Source information:

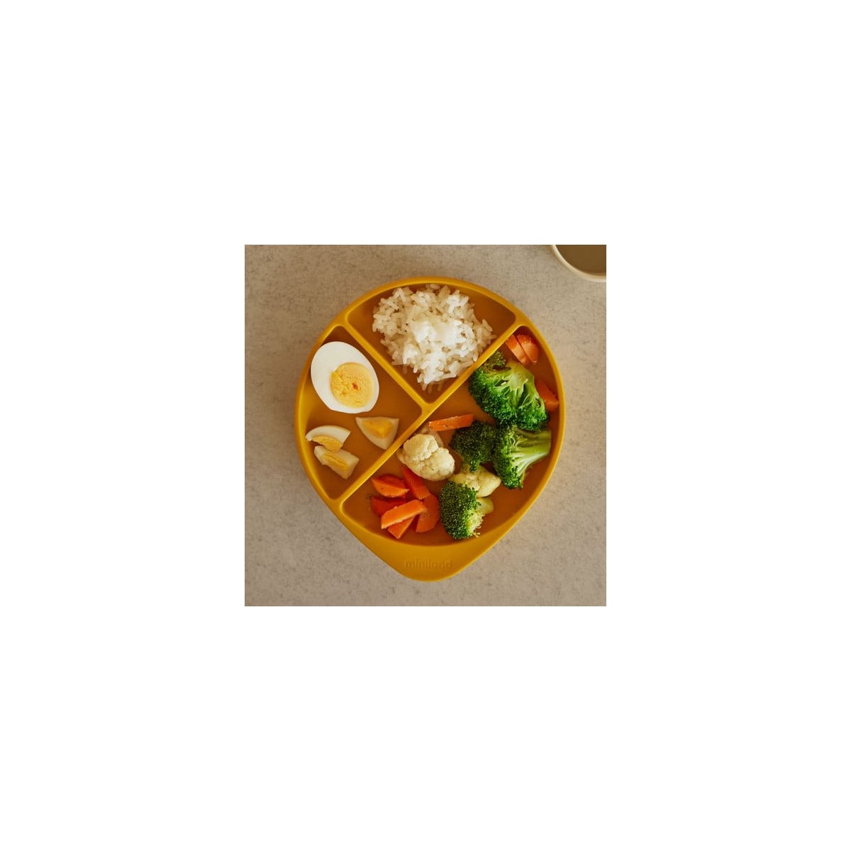 Vajilla BLW de silicona Miniland con plato antideslizante y babero recoge migas, ideal para fomentar la alimentación autónoma desde los 6 meses.
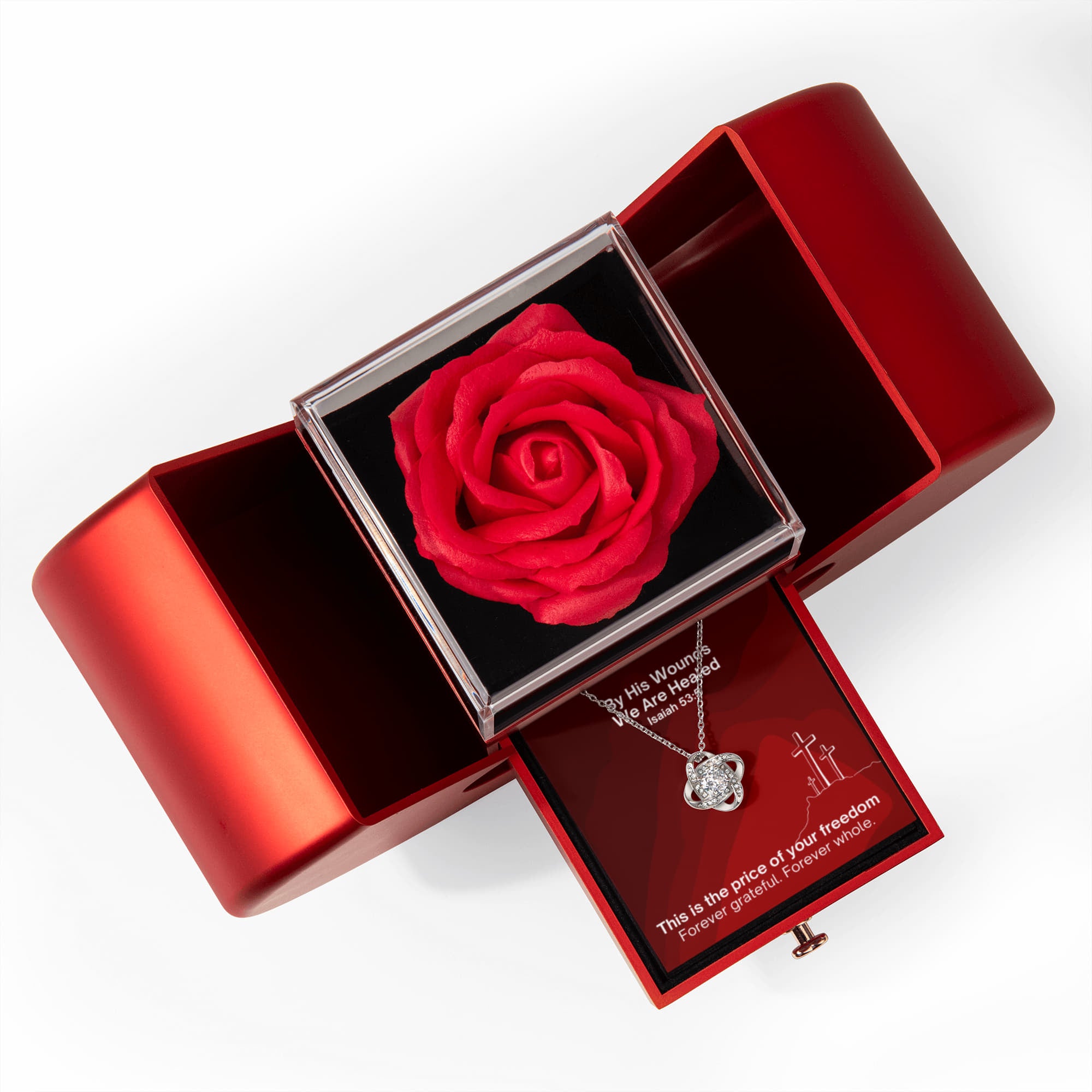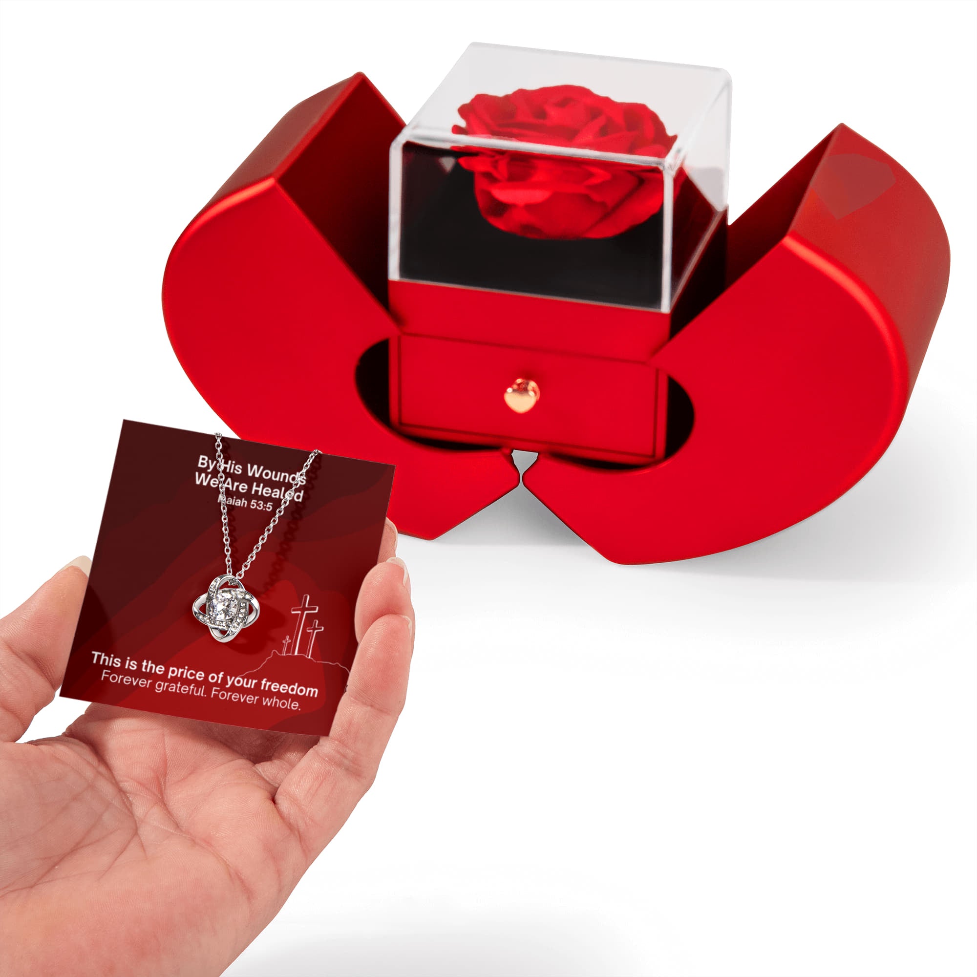 By His Wounds We Are Healed (Isaiah 53:5) | Love Knot Necklace in Red Heart Rose Box
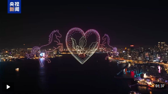 无人机表演融合骏马、新春、湾区元素,以巨型金色“马”字为开篇,依次呈现出奔腾的骏马、绽放的烟花、吉祥的灯笼等新春元素。无人机阵型变换展现骏马与港珠澳大桥、狮子山、维港建筑群、金紫荆等地标结合的美丽画面,寓意香港积极融入国家发展,奔腾向前。无人机表演展现了香港市民昂扬向上、齐心协力的精神风貌,更承载了对香港社会繁荣稳定、市民安居乐业的美好祝愿。
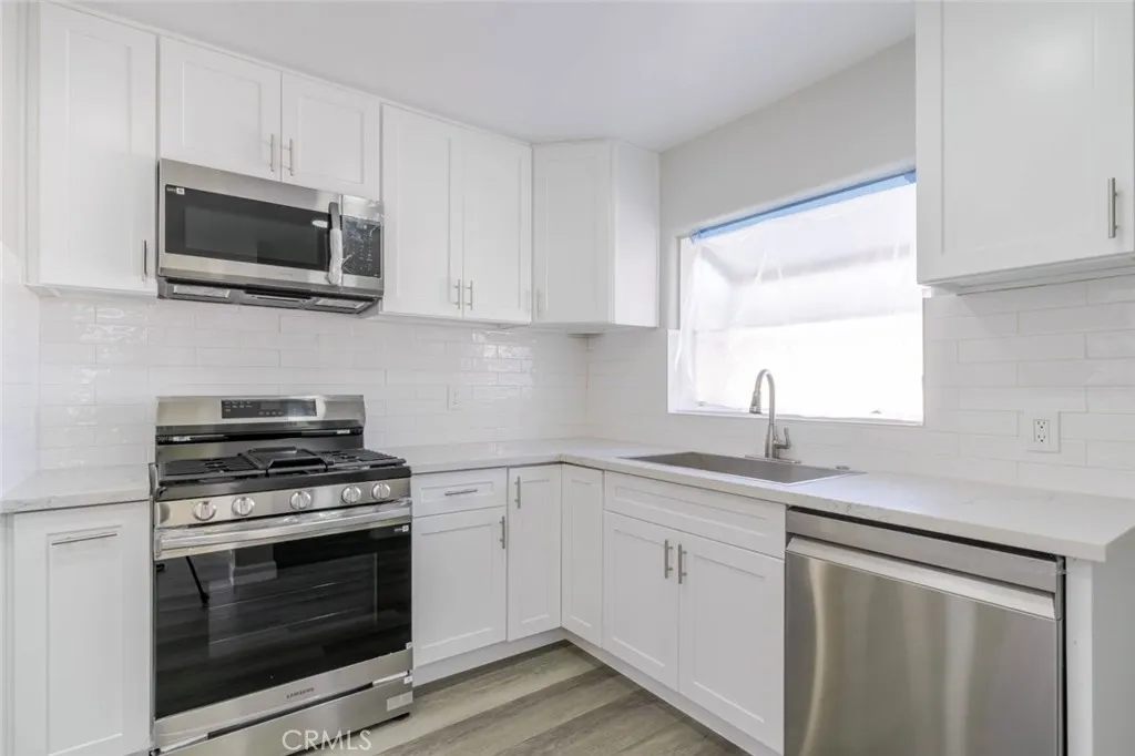 The interior showcases fresh white paint throughout, recessed lighting, ceiling fans, and stylish gray laminate flooring that creates a bright and cohesive feel. The kitchen is thoughtfully upgraded with quartz countertops, stainless steel appliances, and a clean white backsplash, combining functionality with modern design.
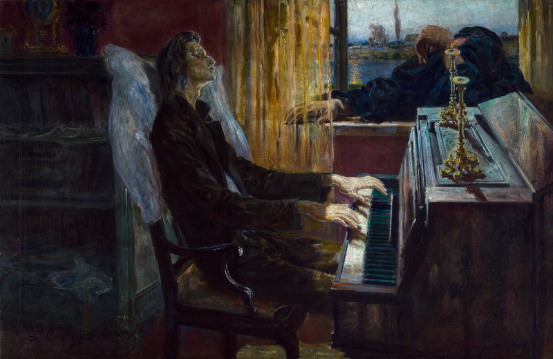 萧邦最后的以及弦,约瑟夫·梅欣娜-克热斯,布面油画,1910年,70×106.5×2 cm,珍藏机构:波兰萧邦钻研院、萧邦博物馆。

Work required:
Only the lines from the one containing "无人机表演融合骏马、新春、湾" through the last line of the records above should be repeated, exactly and without pictures.

Your response:
 无人机表演融合骏马、新春、湾区元素,以巨型金色“马”字为开篇,依次呈现出奔腾的骏马、绽放的烟花、吉祥的灯笼等新春元素。无人机阵型变换展现骏马与港珠澳大桥、狮子山、维港建筑群、金紫荆等地标结合的美丽画面,寓意香港积极融入国家发展,奔腾向前。无人机表演展现了香港市民昂扬向上、齐心协力的精神风貌,更承载了对香港社会繁荣稳定、市民安居乐业的美好祝愿。
 The interior showcases fresh white paint throughout, recessed lighting, ceiling fans, and stylish gray laminate flooring that creates a bright and cohesive feel. The kitchen is thoughtfully upgraded with quartz countertops, stainless steel appliances, and a clean white backsplash, combining functionality with modern design.
 萧邦最后的以及弦,约瑟夫·梅欣娜-克热斯,布面油画,1910年,70×106.5×2 cm,珍藏机构:波兰萧邦钻研院、萧邦博物馆。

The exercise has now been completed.